ACL match flags: -m sub vs -m reg

HAProxy ACLs support multiple match methods. The two most useful for bot blocking:

FlagMethodUse casePerformance
-m subSubstring matchBot name appears anywhere in UA stringFast — string search
-m regRegex matchComplex patterns, anchoringSlower — regex engine
-m strExact matchExact UA string equalityFastest — hash lookup
-m begPrefix matchUA starts with patternFast

-i makes any match case-insensitive. Always use -i for User-Agent matching — bots sometimes vary their capitalisation across versions.

Regex example (more precise but slower)

acl is_ai_bot req.hdr(User-Agent) -m reg -i \
    (GPTBot|ClaudeBot|anthropic-ai|CCBot|Google-Extended|AhrefsBot|Bytespider|Amazonbot|Diffbot|FacebookBot|cohere-ai|PerplexityBot|YouBot)

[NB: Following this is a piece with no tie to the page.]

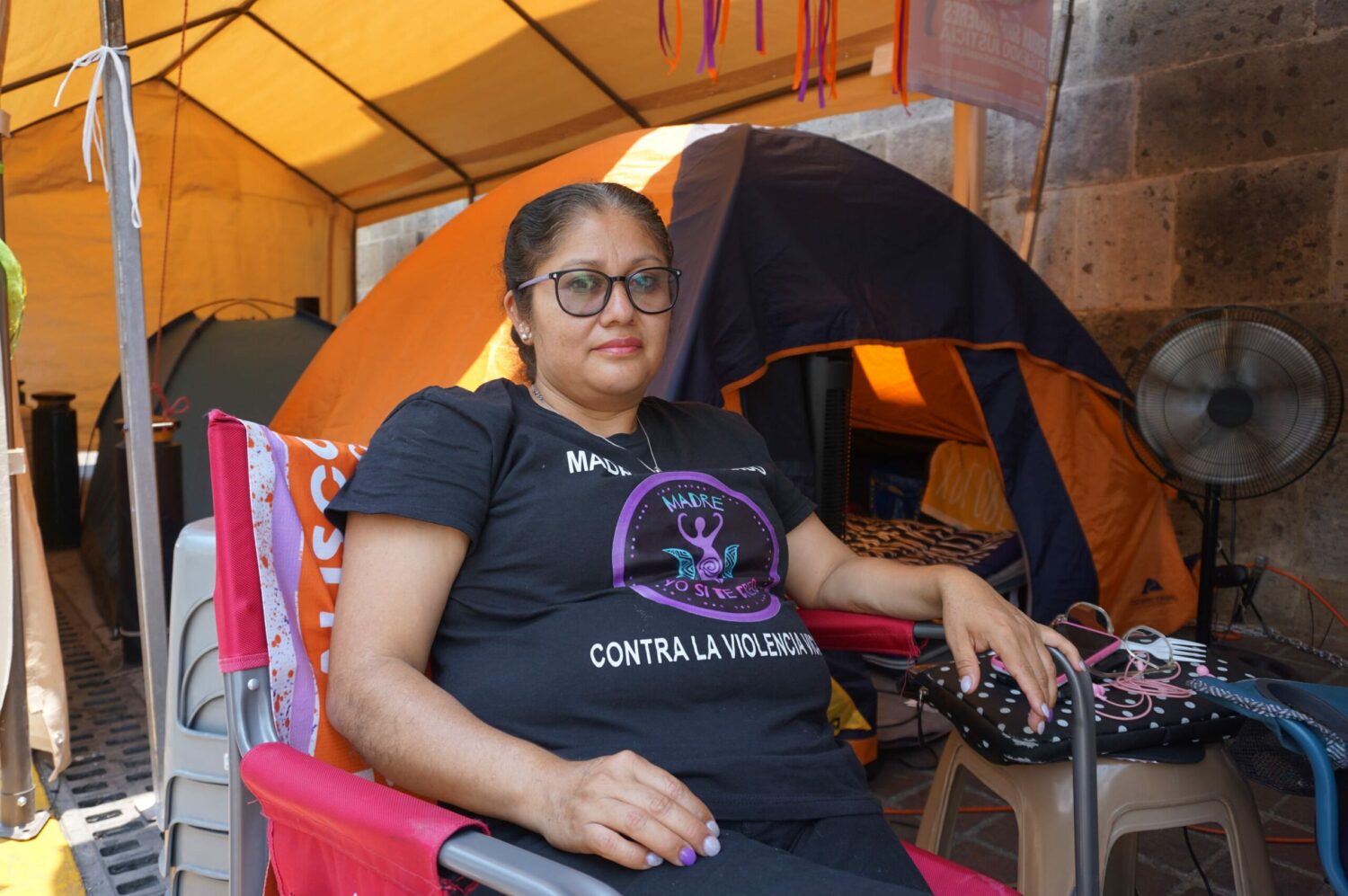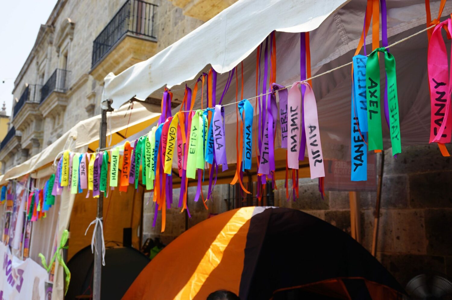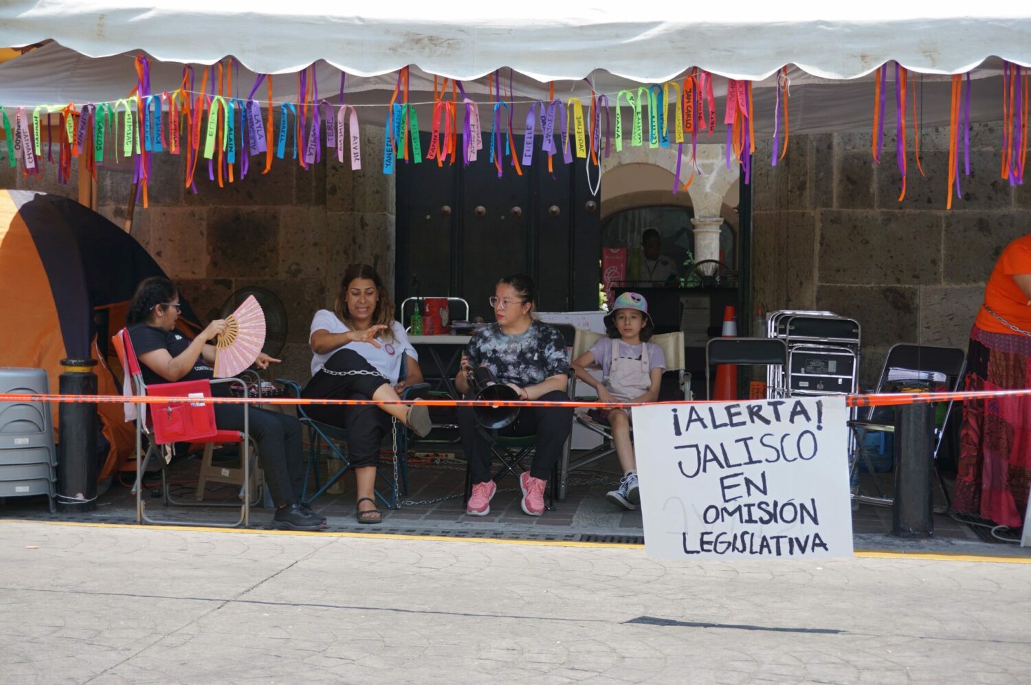 Así, cumplidas las primeras 48 horas de huelga de hambre movilizaron su plantón junto al de sus compañeras, sobre la calle Hidalgo, a las puertas del Congreso de Jalisco. Colocaron sus casas de campaña, los ventiladores que utilizan para soportar el calor que a veces superar los 38 grados centígrados en el Área Metropolitana de Guadalajara, sus botellas de suero y agua, que les han regalado las dependencias y personas solidarias y, por supuesto, el tendedero de listones con los nombres de todas las infancias -sus hijas e hijos- que les han arrebatado.

http-request deny status 403 if is_ai_bot
For most deployments, -m sub -i with a list of bot names is the best balance of clarity, performance, and coverage. Use -m reg only if you need anchoring (^/$) or more complex pattern logic.

X-Robots-Tag response header

Use http-response set-header to add X-Robots-Tag to all responses. Place in the backend block so it applies to responses from your upstream server (not to HAProxy-generated error pages):

backend app
    balance roundrobin
    option forwardfor
    http-response set-header X-Robots-Tag "noai, noimageai"
    server app1 127.0.0.1:3000 check
    server app2 127.0.0.1:3001 check

Apply to all responses including error pages (frontend placement)

frontend http-in
    bind *:80

    # Apply X-Robots-Tag to everything, including HAProxy error pages
    http-response set-header X-Robots-Tag "noai, noimageai"

    default_backend app
Frontend vs backend placement: In the frontend, http-response set-header applies to all responses including HAProxy- generated 400/403/503 pages. In the backend, it only applies to responses proxied from your upstream server. For SEO headers, backend placement is usually preferable — you don't need X-Robots-Tag on error responses.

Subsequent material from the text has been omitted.